I’m a commercial writer by trade; I write about an industry, and I write as work. A novel is different. If I were a commercial fiction writer, I’d take a familiar idea, add a little twist, and write it in accordance with the bestseller formula to have the broadest appeal to the greatest number of people. But I’m not a commercial fiction writer. I’d never take that first step in the climb because I really wouldn’t care about the idea or the story. So for me, the idea is everything. Something compelling that hasn’t been done before, or a familiar idea that in my view hasn’t been done right. Everything inspires me. I immerse myself in the genre and find tiny bits of inspiration in little things. The little things add up to big ideas.

ML: What advice would you give to new Horror fiction writers? What do you wish you had known as a beginning professional writer?

CD: It’s a great time to be a horror writer. Digital media has democratized publishing and created new paths to publication, each of which has its pros and cons. Whether somebody else publishes you or you publish yourself, be prepared to treat your writing as a business and take an entrepreneurial approach, particularly with marketing your work.
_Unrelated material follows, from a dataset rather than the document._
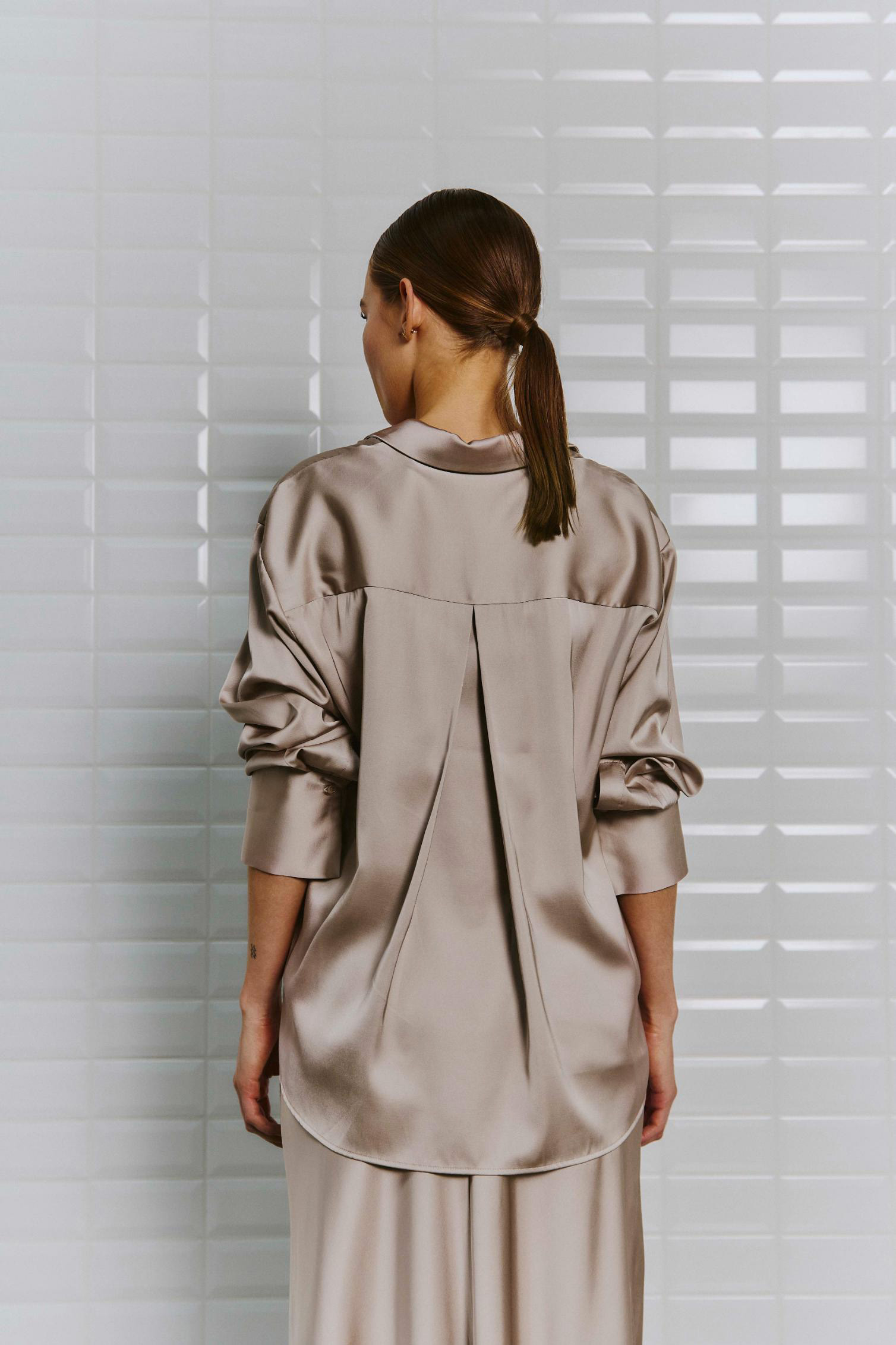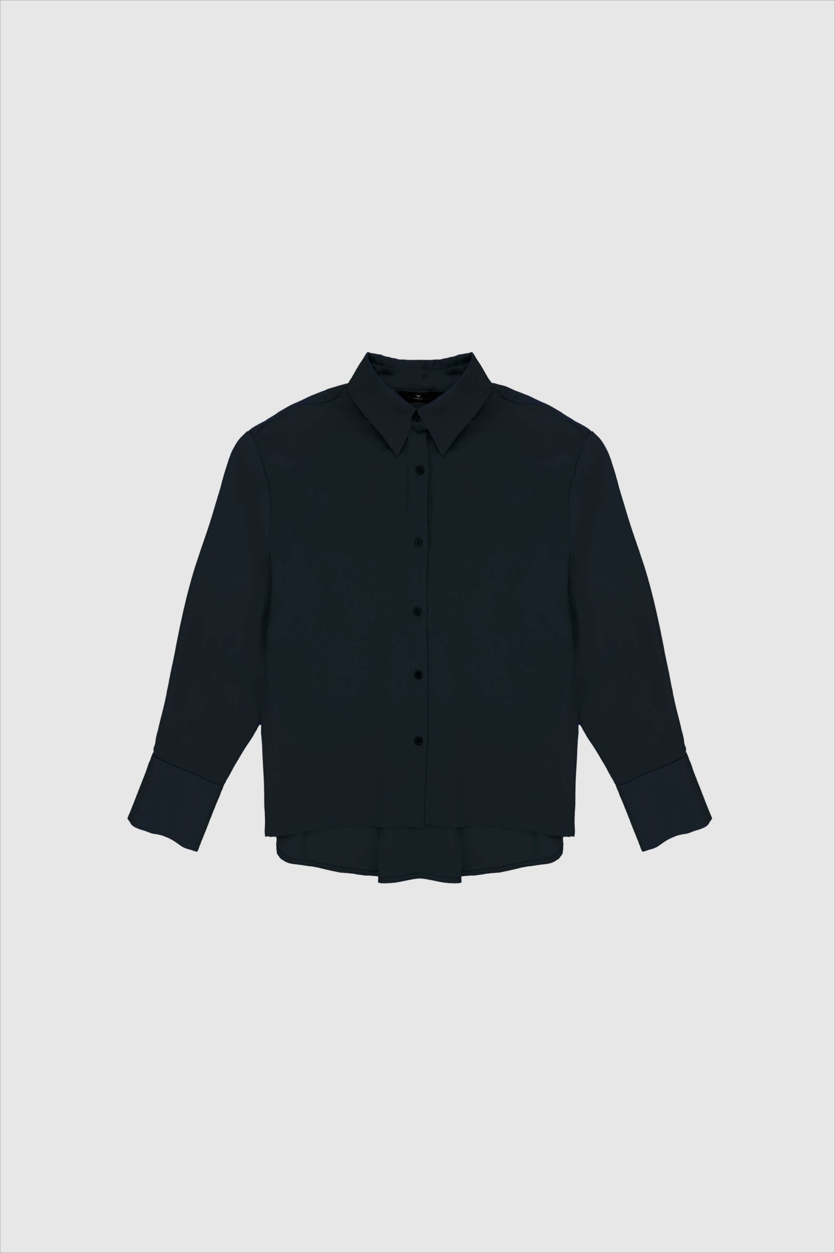 De Dagmar Sateen Blouse is een stijlvolle blouse met een luxe, satijnachtige uitstraling. De blouse heeft een klassieke kraag en opstaande boord en sluit met knoopjes. De normale pasvorm valt tot op de heup en heeft een modieus, afgeronde zoom (curved hemline). De lange mouwen worden afgesloten met een hoge manchet en één knoop, wat zorgt voor een elegante touch.

Typing is not writing. There are many approaches to writing a novel, but one I use is to think an idea through for a few months and then start typing after that. Writing isn’t just typing, it’s also thinking, taking notes, planning and researching. If you like this approach, keep a small notebook in your back pocket and a pen in your front pocket at all times. Think about your book in the still moments during the day and write down snatches of character, plot and dialog. When you reach a critical mass, start typing.

One approach is not better than another, though one will be better for you. Some writers like to crank out a horrible rough draft, get notes from beta readers, and then do a polished rewrite. Others like to write a close-to-finished draft from the get-go, editing the whole way. Do what feels good to you, while being open to innovation and new ideas.

It pays to know where you’re going. The idea should start with a killer point A (the hook) and point B (the climax and perhaps a denouement that leaves the reader thinking). After that, do a general outline of the plot so you continually ramp up tension (increasing stakes punctuated by critical change) without long empty stretches where you have no idea how to fill the page. A great book on plot structure is STORY ENGINEERING. I highly recommend it.

You’ve asked a big question where the answer could go on quite a while, so I’ll end it there. For more advice on how to write a horror novel, here are links to a series I wrote about that subject on my blog:

Fright for Your Write, Part 1: Why Do We Read/Write Horror

Fright for Your Write, Part 2: The Horror Element

Fright for Your Write, Part 3: Plot

Fright for Your Write, Part 4: Character

Thanks for inviting me to visit your blog, Michelle! I enjoyed it.